◆ Exercise inputs:
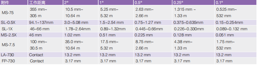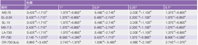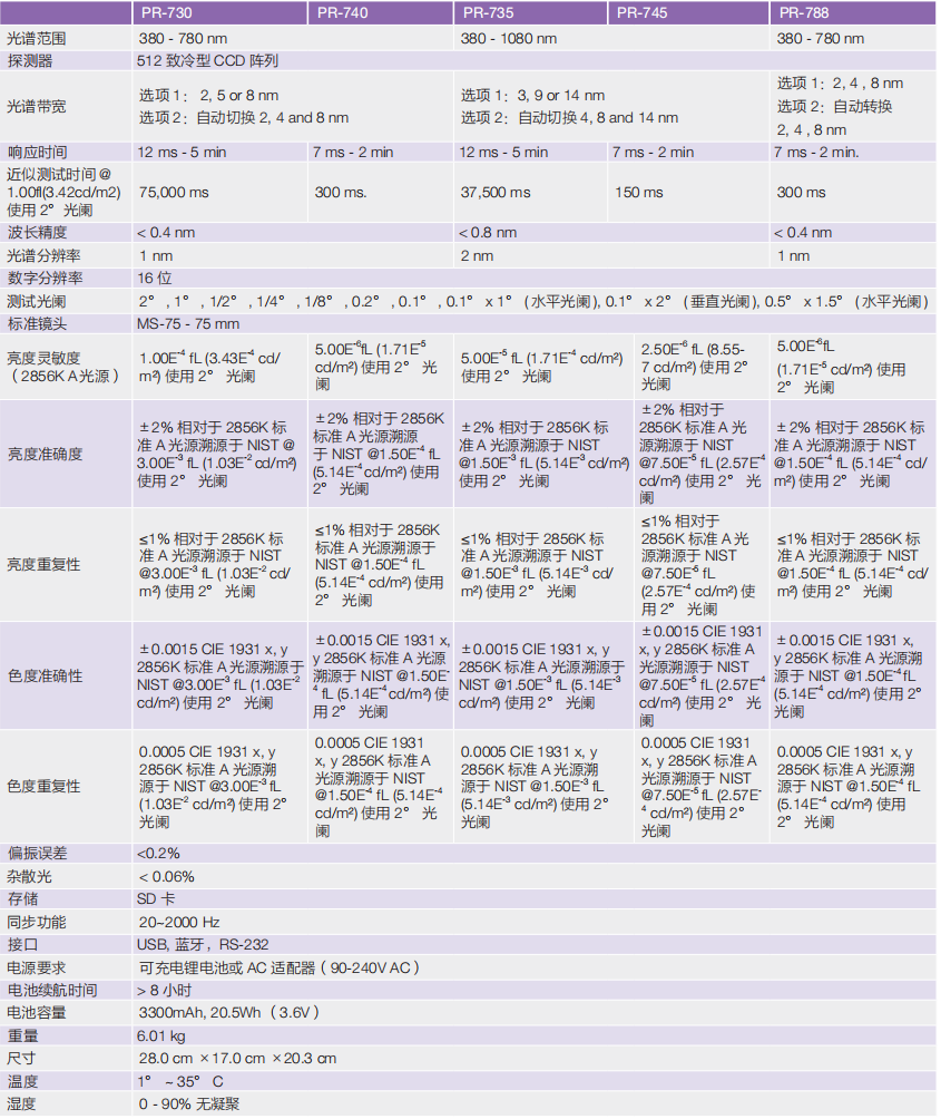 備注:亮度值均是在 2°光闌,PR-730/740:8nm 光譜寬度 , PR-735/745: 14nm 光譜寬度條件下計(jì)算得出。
--
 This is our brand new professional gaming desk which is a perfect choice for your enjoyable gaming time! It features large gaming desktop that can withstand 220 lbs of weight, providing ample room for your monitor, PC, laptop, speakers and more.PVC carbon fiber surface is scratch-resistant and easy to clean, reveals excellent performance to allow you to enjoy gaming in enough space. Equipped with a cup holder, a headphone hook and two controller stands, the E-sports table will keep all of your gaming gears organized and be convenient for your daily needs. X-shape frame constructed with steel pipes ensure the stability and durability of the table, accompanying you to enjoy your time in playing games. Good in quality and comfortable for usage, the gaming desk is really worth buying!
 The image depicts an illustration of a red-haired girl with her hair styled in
* * *
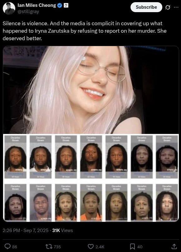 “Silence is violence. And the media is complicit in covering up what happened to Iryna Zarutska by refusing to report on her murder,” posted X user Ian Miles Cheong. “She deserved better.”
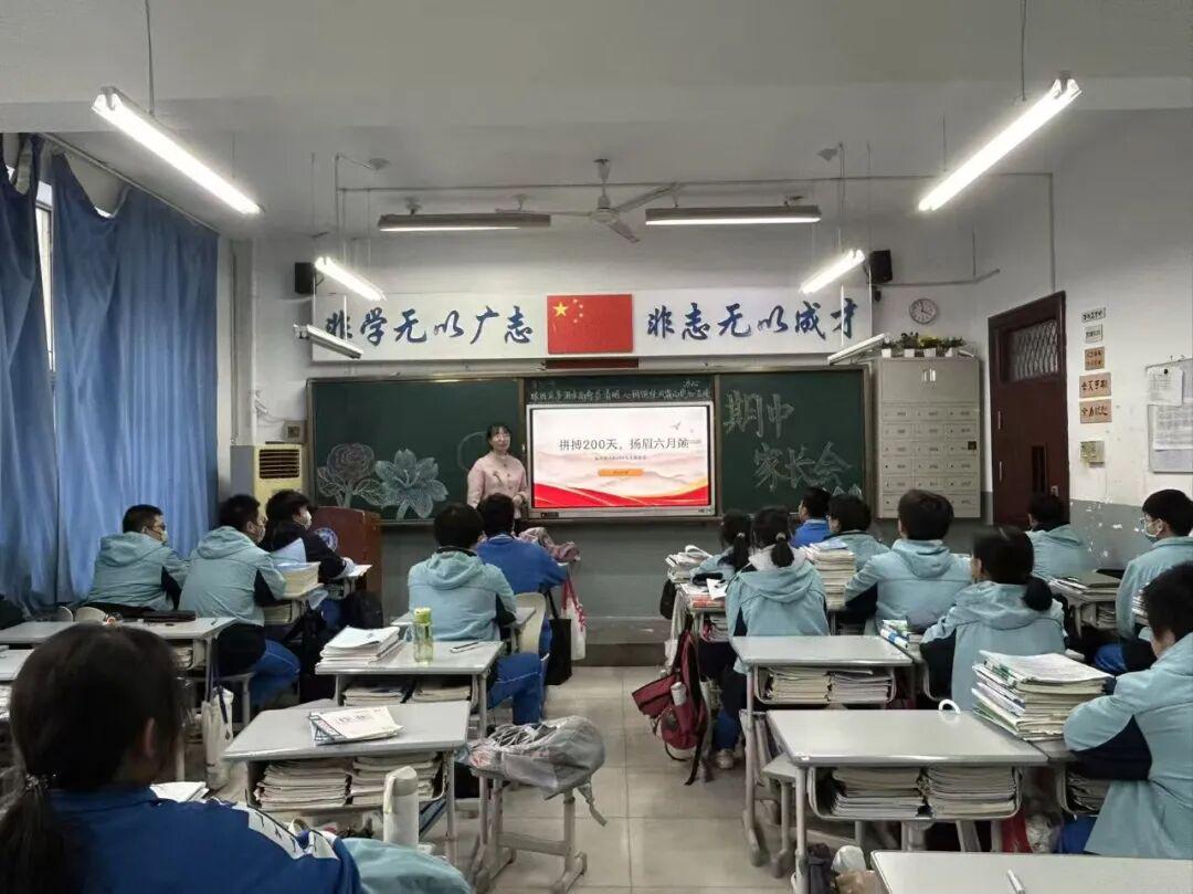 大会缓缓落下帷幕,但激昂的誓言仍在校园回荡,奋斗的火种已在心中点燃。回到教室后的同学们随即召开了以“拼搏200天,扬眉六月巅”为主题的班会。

◆ Work instruction:
Each line holding "with" in the records should be copied out.

◆ Solution for this problem:
 This is our brand new professional gaming desk which is a perfect choice for your enjoyable gaming time! It features large gaming desktop that can withstand 220 lbs of weight, providing ample room for your monitor, PC, laptop, speakers and more.PVC carbon fiber surface is scratch-resistant and easy to clean, reveals excellent performance to allow you to enjoy gaming in enough space. Equipped with a cup holder, a headphone hook and two controller stands, the E-sports table will keep all of your gaming gears organized and be convenient for your daily needs. X-shape frame constructed with steel pipes ensure the stability and durability of the table, accompanying you to enjoy your time in playing games. Good in quality and comfortable for usage, the gaming desk is really worth buying!
 The image depicts an illustration of a red-haired girl with her hair styled in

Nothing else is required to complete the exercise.